Approved Research
Identify New Drug Targets for Liver Diseases through Bioinformatics and Big Data Analysis
Lay summary
Liver diseases are a significant global health issue, and they represent one of the leading causes of death. The World Health Organization reports that more than 300 million people worldwide suffer from chronic liver disease, and liver-related diseases claim approximately one million lives each year. Although various drugs, such as antiviral, anti-inflammatory, and immunosuppressant drugs, are currently available to treat liver diseases, they have significant limitations and side effects. For example, some antiviral drugs are ineffective and prone to drug resistance, some anti-inflammatory drugs can cause gastrointestinal reactions, and some immunosuppressants can lead to immune function decline, increasing the risk of infection and cancer. Therefore, there is an urgent need to identify new drugs and target genes for liver diseases.

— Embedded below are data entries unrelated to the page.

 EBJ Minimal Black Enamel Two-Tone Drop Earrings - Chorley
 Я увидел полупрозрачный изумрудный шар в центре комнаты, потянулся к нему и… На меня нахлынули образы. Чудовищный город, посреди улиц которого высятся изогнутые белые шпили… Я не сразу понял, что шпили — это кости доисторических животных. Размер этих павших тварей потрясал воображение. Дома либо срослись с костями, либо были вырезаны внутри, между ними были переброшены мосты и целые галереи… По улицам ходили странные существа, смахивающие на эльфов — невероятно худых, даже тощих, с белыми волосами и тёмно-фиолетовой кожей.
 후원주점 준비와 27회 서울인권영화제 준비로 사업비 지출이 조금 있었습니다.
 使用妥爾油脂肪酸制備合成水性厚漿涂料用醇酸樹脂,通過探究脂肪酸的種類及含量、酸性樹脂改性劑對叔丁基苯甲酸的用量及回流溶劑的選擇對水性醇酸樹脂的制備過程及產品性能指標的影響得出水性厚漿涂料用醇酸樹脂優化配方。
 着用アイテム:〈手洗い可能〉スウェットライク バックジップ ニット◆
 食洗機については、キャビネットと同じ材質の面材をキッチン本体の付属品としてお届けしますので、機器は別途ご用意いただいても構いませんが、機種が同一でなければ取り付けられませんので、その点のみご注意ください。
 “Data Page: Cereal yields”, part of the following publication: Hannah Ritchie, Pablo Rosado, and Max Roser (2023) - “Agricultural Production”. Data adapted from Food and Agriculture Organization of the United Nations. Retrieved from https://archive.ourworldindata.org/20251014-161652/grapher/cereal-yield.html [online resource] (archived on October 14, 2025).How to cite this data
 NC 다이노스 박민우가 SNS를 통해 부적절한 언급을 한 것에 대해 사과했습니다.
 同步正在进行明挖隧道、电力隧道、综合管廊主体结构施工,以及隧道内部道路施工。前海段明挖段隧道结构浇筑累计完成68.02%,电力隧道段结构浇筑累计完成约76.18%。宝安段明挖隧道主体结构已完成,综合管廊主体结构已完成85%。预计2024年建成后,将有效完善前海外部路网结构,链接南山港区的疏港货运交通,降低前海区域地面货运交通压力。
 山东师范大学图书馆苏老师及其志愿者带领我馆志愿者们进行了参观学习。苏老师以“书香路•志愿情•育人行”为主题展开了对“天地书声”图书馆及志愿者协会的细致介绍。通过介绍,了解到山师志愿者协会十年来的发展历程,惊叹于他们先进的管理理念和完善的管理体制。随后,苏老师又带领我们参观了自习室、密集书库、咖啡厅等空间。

This study aims to explore the pathological mechanisms and drug targets of liver diseases and screen for potentially effective therapeutic targets and drugs by using bioinformatics analysis, Genome-Wide Association Studies (GWAS), and Phenome-Wide Association Studies (PheWAS). By analyzing vast amounts of clinical and basic research data from the UK Biobank and combining bioinformatics and artificial intelligence technologies, this study will investigate the pathogenesis of liver diseases deeply to identify new drug targets. Additionally, this study will collect and organize relevant information on liver disease case data, disease classification, and drug usage,conduct big data analysis and modeling to discover new treatment targets and drugs.
Ultimately, the research results of this study are expected to provide more treatment options for liver disease, with significant medical and social significance. The precision and effectiveness of liver disease treatment will improve, leading to better treatment outcomes for patients.